Social Democrats: Radical alternative or capitalist status quo re-packaged?

By Harper Cleves

The Social Democrats have made a substantial effort to present themselves as the socially progressive alternative to business as usual politics. Their new leader, 33 year-old Holly Cairns has been posed as an antidote to the political status quo, and heralded as a Repeal activist. An early April poll shows that she is already the most popular party leader in Ireland and in some polls has doubled the support of the Social Democrats since her assumption of the leadership position. All of this paints a pretty, if indistinct, picture of what they offer. But who are the Social Democrats, and what sort of politics do they actually represent? 

Attacking the left 

The Social Democrats are rooted precisely in that ‘old style of politics’ they now seek to distance themselves from. Roisín Shorthall, one of the three co-founders, was formerly a junior minister in Enda Kenny’s government, which presided over a bank bailout and imposed further austerity measures on working-class people. In a television appearance on The Week in Politics in January 2011 she justified the Fine Gael / Labour coalition and dismissed the anticapitalist left as a ‘ragbag’ and misfits. 

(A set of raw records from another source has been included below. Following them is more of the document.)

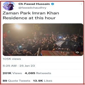 لاہور (پی این آئی) پی ٹی آئی کے سینئر رہنما فواد چوہدری کے ٹوئٹر اکاؤنٹ سے صبح 5 بجکر 25 منٹ پر ٹوئٹر پر زمان پارک کے باہر کی ویڈیو پوسٹ کی۔ ٹویٹر پر فواد چوہدری نے ویڈیو کے ساتھ پیغام میں لکھا کہ عمران خان کی رہائش گاہ کے باہر اس وقت یہ ماحول ہے۔۔۔۔۔
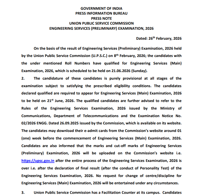 Union Public Service Commission (UPSC)UPSC Engineering Services Pre Result 2026 |
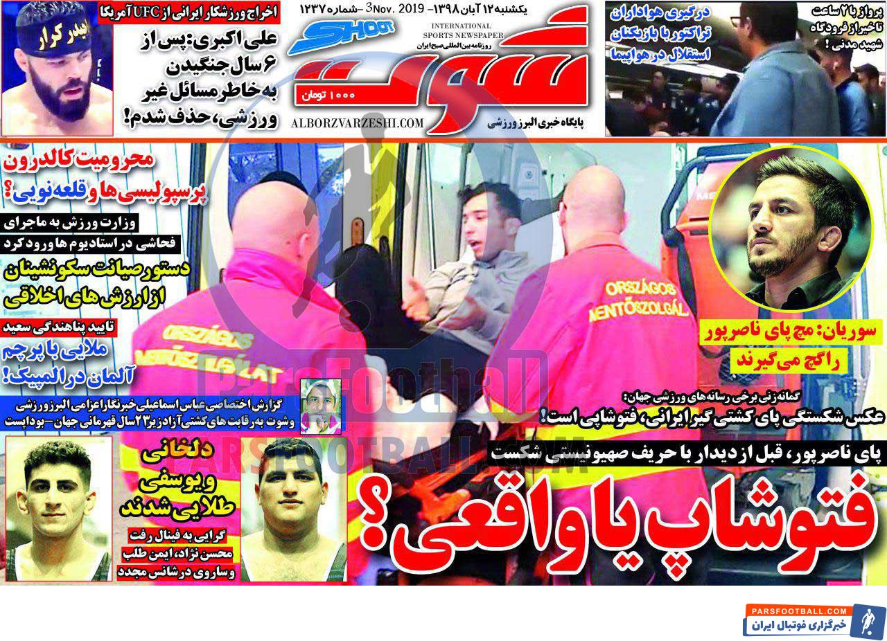عناوین روزنامه شوت یکشنبه ۱۲ آبان ماه به شرح زیر است :
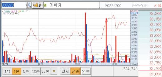 그림과 같이 기아차의 28일 분별 매매동향 차트를 살펴보면 처음 매수주문이 나온 지 약 18분 후인 10시 8분부터 9분까지 대규모 매수주문이 체결된 뒤 매도 주문이 체결됐고, 10시24분에도 비슷한 패턴이 이어졌다.

Holly Cairns in her first speech as party leader echoed this sentiment, warning of ‘the most extreme voices’ dominating. To most, this recalled the far right, but implicit in this warning was a distrust of the socialist left. For all of their veneer of social progress, the unwillingness of the Social Democrats to actually put forward left positions makes them indistinguishable from the old boys club politics of Ireland’s capitalist establishment they are publicly rejecting.

Undeserved reputation 

The vagueness of the Social Democrats allows them to maintain their unearned left-of-centre reputation. They don’t say much of consequence, and this is intentional. Let’s take for instance their founding mission to Repeal the 8th amendment. They never went beyond this most basic proposal. Like a Rorschach test, left and right-leaning supporters could glean what they wanted about what would replace the constitutional abortion ban onto this simple Repeal position because the Social Democrats didn’t clarify. In fact, it wasn’t until the Citizens’ Assembly put forward a pro-choice recommendation in 2017 that they ever supported pro-choice legislation. Their efforts now to reinvent themselves as the party of women’s liberation rings hollow.

This ambiguity continues today. The most looming fear when it comes to the future of young people is the climate crisis. It’s clear to millions that if capitalist profiteering and greed is allowed to continue, human existence itself is at risk. What do the Social Democrats propose in the face of climate catastrophe? “Active travel to schools;” “Reduce transport fares;” and “Give public transport greater priority in the National Development Plan.” They call for ‘no more privatisation’ but stop short of demanding that all transport in Ireland be brought back into public ownership, and that a free, reliable public transport system is established. It is the vanilla-like, anodyne politics of Labour and the Green Party repackaged. 

Radical socialist politics needed 

Even when it comes to the future of the planet, they demonstrate an unwillingness to put forward something definitive or in any way challenge the logic of capitalism. In order to tackle the climate crisis, and the housing crisis, the seizure of private assets and wealth for public need is absolutely essential. That means the major construction and energy companies must be nationalised under democratic workers’ and community control, which is the only way we can truly reduce emissions and to build homes for all. There is not even a whisper of such demands in the programme of the Social Democrats.

The milk toast approach of the Social Democrats, which accepts the logic of the market, is completely out of sync with the scale of the capitalist crisis. Modest reform that doesn’t tackle profiteering only offers a continuation of the same suffering we currently see on display. As Malcolm X said “A man who stands for nothing, falls for anything.” Vague assurances won’t do, the exploited, the oppressed and the planet need urgent anticapitalist action and socialist change. The scale of the multiple crises of capitalism calls for nothing less.